> [PROBLEM DETAILS] Below are some records. Retype exactly the lines from the one containing "tới cửa thoát." through the one containing "Bingöl’ün Karlıova ilçesinde", both included, skipping every picture.

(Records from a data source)
━━━━━━━━━━━━━━━━━━━━━━━━━━━━━━

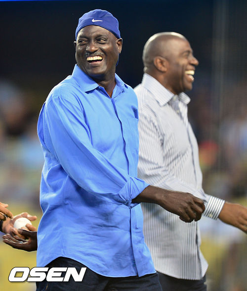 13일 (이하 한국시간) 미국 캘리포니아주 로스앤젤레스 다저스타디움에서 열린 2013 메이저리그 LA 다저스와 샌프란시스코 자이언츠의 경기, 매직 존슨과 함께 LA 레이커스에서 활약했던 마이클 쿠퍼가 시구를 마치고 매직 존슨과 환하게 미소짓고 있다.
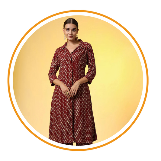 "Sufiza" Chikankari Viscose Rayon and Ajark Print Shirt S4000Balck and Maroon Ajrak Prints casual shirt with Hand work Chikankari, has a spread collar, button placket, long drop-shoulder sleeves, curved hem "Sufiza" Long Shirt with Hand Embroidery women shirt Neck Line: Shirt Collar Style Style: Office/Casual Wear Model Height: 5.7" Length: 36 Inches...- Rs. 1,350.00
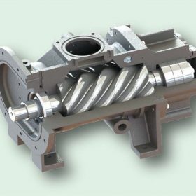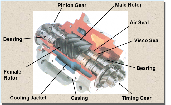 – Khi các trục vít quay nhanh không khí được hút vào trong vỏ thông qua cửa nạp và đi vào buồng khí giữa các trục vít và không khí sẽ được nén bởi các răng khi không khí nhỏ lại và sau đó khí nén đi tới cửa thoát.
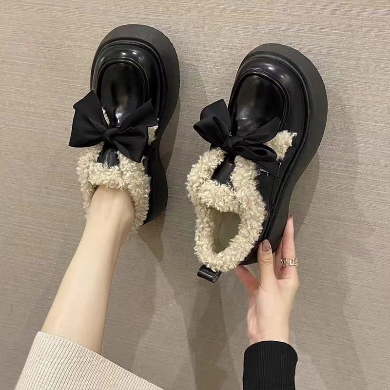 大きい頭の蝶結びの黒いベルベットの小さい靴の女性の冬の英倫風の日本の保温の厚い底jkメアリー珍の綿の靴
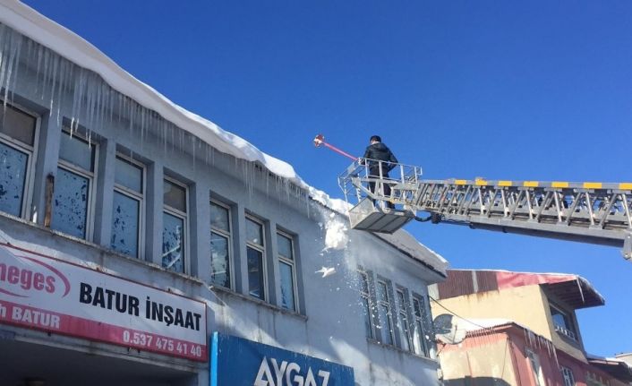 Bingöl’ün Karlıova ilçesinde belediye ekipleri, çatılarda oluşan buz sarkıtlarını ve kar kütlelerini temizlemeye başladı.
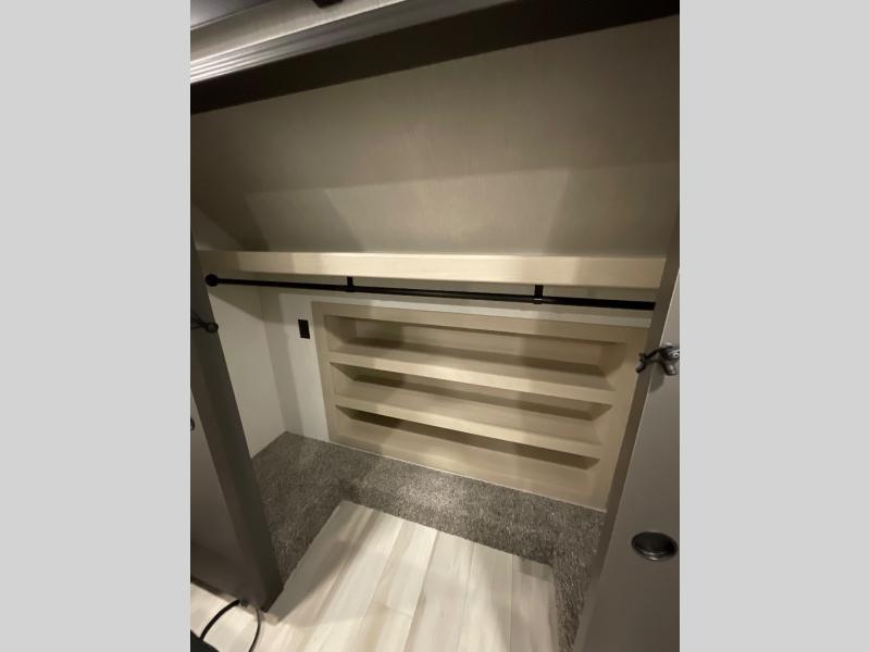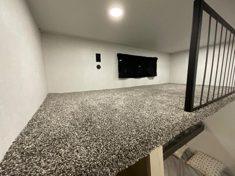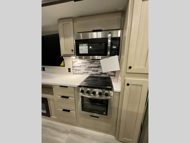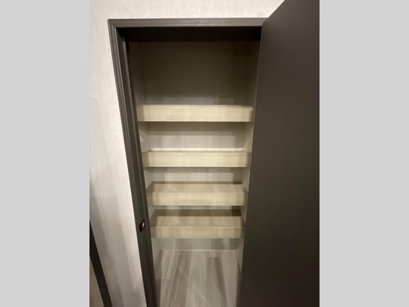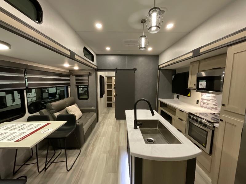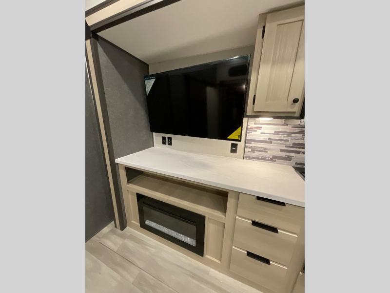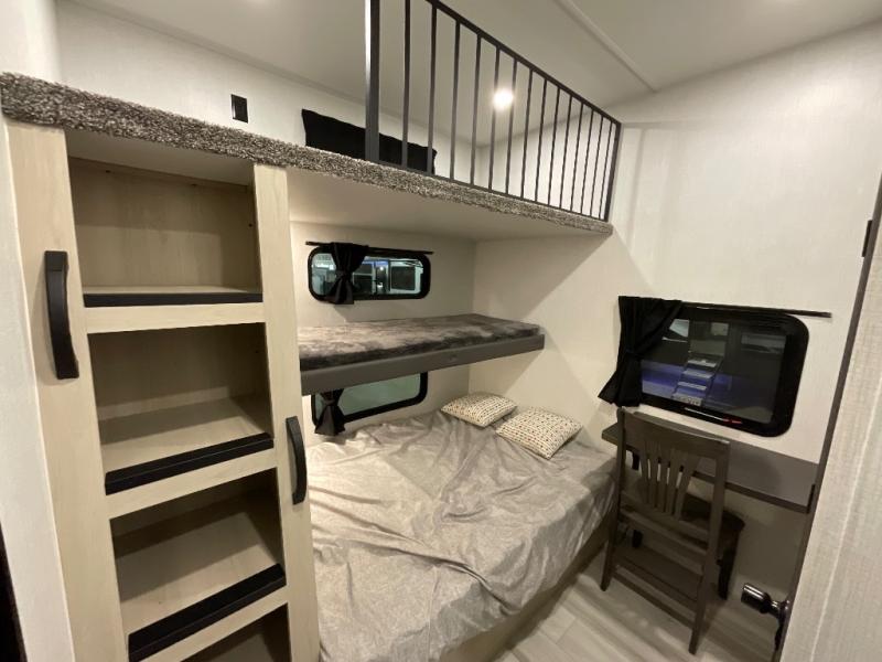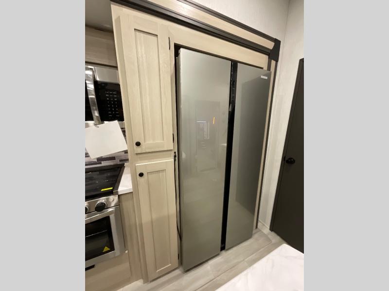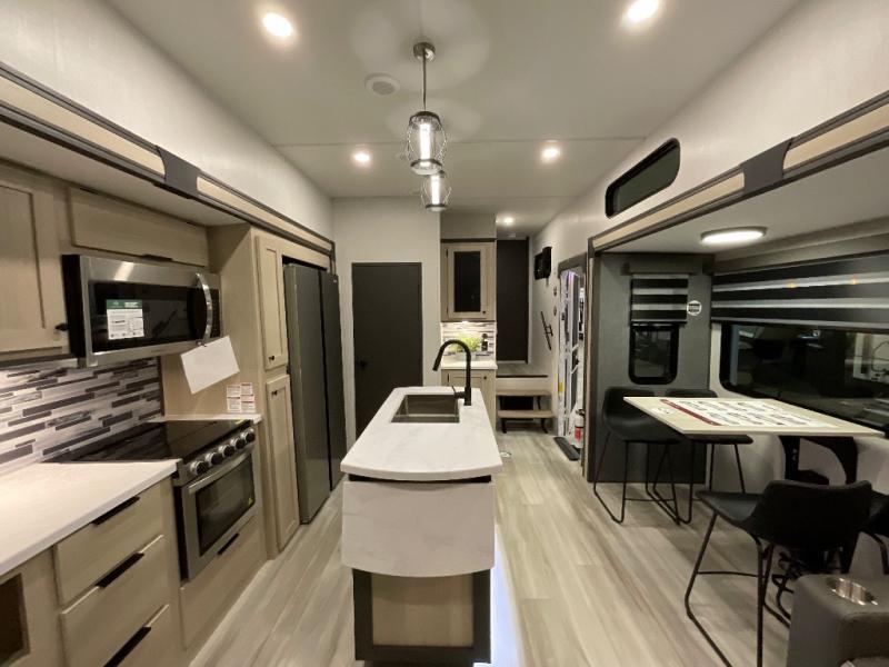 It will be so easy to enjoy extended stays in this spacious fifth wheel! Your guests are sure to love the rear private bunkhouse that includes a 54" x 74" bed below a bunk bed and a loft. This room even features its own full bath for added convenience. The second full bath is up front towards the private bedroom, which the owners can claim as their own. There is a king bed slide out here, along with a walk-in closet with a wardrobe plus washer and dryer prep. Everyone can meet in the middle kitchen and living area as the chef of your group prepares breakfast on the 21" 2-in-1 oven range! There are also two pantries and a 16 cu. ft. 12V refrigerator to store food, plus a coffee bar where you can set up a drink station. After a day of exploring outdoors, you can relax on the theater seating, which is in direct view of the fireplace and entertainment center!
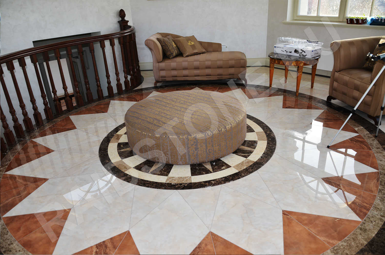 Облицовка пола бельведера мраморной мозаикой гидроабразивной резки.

━━━━━━━━━━━━━━━━━━━━━━━━━━━━━━

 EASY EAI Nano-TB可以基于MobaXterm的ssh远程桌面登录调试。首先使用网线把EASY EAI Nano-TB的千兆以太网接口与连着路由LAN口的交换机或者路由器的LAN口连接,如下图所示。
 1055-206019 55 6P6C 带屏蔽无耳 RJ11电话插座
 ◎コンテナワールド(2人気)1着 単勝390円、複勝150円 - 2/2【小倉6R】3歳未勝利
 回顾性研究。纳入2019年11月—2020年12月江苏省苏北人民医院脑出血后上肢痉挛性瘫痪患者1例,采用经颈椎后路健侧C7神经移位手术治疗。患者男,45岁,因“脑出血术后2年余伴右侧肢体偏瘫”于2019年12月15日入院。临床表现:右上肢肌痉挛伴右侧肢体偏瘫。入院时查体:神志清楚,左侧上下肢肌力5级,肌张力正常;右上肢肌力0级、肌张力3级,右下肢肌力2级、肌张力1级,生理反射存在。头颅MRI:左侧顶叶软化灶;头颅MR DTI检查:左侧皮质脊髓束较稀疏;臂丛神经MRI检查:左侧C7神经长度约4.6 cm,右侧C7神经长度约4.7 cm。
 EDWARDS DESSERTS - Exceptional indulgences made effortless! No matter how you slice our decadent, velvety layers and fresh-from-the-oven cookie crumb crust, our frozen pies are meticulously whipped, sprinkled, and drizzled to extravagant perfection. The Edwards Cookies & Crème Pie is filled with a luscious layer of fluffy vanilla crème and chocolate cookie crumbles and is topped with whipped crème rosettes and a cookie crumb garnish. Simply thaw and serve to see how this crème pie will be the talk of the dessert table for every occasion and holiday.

━━━━━━━━━━━━━━━━━━━━━━━━━━━━━━

> [SOLUTION FOR THIS TASK]
 – Khi các trục vít quay nhanh không khí được hút vào trong vỏ thông qua cửa nạp và đi vào buồng khí giữa các trục vít và không khí sẽ được nén bởi các răng khi không khí nhỏ lại và sau đó khí nén đi tới cửa thoát.
 大きい頭の蝶結びの黒いベルベットの小さい靴の女性の冬の英倫風の日本の保温の厚い底jkメアリー珍の綿の靴
 Bingöl’ün Karlıova ilçesinde belediye ekipleri, çatılarda oluşan buz sarkıtlarını ve kar kütlelerini temizlemeye başladı.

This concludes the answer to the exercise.